● SUPPLIED MATERIAL:
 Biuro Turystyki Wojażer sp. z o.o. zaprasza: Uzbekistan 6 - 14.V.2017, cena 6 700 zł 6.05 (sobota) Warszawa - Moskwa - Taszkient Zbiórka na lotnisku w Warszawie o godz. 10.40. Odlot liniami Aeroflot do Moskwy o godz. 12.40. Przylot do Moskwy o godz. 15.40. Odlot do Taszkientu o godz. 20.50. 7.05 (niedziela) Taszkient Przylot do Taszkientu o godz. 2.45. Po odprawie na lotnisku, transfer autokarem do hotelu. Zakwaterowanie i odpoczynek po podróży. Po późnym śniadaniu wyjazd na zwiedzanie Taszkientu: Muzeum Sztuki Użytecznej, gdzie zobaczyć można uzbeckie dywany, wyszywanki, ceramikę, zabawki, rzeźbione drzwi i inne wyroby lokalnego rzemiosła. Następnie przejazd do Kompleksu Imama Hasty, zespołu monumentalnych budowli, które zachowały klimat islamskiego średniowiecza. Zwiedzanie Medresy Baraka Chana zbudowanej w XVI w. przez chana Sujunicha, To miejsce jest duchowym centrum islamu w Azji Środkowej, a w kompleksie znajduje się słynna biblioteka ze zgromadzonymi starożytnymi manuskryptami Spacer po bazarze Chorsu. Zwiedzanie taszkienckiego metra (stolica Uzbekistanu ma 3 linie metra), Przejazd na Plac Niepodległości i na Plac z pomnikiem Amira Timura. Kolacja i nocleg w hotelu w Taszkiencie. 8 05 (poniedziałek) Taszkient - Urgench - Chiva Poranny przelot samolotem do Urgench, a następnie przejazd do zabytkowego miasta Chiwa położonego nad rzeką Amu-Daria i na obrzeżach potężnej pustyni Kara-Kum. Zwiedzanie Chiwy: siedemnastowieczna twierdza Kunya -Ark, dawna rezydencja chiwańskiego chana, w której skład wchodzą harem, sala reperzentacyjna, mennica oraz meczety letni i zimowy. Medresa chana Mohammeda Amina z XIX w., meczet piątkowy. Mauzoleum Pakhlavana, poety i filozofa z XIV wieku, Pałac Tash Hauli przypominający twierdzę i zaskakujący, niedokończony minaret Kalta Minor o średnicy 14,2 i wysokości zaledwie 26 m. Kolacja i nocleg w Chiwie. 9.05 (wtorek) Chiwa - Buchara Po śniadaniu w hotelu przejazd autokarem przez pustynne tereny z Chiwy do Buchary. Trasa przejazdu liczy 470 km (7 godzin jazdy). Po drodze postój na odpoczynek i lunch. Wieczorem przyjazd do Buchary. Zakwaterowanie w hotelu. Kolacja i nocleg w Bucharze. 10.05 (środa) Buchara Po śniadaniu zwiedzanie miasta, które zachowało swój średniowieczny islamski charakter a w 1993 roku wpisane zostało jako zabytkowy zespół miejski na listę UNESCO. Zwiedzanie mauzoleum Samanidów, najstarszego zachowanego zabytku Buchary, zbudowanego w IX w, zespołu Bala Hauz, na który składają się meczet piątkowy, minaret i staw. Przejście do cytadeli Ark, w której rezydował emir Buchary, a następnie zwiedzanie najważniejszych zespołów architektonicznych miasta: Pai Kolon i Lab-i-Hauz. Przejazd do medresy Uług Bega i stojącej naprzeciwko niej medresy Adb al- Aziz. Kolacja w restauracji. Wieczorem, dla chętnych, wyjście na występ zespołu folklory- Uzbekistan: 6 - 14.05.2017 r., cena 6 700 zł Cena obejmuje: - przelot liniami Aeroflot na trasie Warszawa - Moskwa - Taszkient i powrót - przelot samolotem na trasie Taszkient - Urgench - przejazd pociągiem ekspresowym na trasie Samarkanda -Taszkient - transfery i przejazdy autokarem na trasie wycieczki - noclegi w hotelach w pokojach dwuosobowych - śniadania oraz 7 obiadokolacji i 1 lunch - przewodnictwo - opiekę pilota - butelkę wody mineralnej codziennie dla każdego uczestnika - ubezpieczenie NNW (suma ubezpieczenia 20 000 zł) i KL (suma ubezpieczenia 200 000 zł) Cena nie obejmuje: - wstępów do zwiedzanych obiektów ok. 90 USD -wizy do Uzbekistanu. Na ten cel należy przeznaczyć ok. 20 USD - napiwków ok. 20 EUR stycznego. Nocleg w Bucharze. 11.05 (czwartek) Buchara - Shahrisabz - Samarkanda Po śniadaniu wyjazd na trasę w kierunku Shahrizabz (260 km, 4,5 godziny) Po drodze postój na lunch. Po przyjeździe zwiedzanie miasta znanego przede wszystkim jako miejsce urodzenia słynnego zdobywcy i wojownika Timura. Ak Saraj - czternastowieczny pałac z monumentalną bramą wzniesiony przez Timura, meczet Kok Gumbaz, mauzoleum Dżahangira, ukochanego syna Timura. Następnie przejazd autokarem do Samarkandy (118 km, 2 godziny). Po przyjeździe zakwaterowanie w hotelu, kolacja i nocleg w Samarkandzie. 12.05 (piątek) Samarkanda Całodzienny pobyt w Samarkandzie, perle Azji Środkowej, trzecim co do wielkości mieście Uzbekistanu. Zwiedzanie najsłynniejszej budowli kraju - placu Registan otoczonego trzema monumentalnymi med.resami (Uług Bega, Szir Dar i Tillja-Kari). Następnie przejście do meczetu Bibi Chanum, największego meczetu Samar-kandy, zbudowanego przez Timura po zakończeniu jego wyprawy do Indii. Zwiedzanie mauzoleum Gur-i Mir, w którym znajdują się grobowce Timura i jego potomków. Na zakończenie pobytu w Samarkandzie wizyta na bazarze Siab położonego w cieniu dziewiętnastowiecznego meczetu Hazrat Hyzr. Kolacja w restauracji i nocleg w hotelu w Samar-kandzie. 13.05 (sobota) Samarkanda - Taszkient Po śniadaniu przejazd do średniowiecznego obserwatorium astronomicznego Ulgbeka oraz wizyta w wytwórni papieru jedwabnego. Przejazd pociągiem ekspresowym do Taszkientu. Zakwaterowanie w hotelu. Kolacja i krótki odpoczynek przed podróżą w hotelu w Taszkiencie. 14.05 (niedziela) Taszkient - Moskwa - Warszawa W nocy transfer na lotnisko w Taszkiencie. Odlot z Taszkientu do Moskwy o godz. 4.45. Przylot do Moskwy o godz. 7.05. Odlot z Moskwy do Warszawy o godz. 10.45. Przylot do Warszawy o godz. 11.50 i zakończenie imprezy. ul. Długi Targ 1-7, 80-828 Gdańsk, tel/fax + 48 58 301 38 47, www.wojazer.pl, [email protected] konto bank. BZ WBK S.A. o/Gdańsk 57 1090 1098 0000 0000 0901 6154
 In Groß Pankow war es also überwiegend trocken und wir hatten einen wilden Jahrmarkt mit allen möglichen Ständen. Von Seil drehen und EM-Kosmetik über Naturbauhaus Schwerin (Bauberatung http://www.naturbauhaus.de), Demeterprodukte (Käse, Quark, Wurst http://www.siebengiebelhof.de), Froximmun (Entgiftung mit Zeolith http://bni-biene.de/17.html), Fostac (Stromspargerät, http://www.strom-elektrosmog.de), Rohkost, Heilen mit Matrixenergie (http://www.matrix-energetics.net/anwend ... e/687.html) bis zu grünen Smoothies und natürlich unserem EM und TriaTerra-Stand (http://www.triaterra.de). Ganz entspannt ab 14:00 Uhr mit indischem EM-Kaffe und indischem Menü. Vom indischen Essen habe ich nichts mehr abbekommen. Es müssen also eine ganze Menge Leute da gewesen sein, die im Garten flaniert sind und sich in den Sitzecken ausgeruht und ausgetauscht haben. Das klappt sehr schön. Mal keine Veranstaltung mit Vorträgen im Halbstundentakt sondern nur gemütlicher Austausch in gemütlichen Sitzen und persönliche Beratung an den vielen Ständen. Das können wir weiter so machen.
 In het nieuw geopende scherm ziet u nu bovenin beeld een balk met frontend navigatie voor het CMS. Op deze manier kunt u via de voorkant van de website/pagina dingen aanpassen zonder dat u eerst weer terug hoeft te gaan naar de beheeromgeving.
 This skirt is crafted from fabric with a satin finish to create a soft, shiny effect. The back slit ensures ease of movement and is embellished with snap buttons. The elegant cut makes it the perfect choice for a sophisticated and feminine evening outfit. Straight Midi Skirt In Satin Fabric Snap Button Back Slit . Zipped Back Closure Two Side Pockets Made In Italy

● YOUR INSTRUCTIONS: Write out word for word every line from the one containing "In het nieuw" through the last line of the data, and no other line.

● SOLUTION:
 In het nieuw geopende scherm ziet u nu bovenin beeld een balk met frontend navigatie voor het CMS. Op deze manier kunt u via de voorkant van de website/pagina dingen aanpassen zonder dat u eerst weer terug hoeft te gaan naar de beheeromgeving.
 This skirt is crafted from fabric with a satin finish to create a soft, shiny effect. The back slit ensures ease of movement and is embellished with snap buttons. The elegant cut makes it the perfect choice for a sophisticated and feminine evening outfit. Straight Midi Skirt In Satin Fabric Snap Button Back Slit . Zipped Back Closure Two Side Pockets Made In Italy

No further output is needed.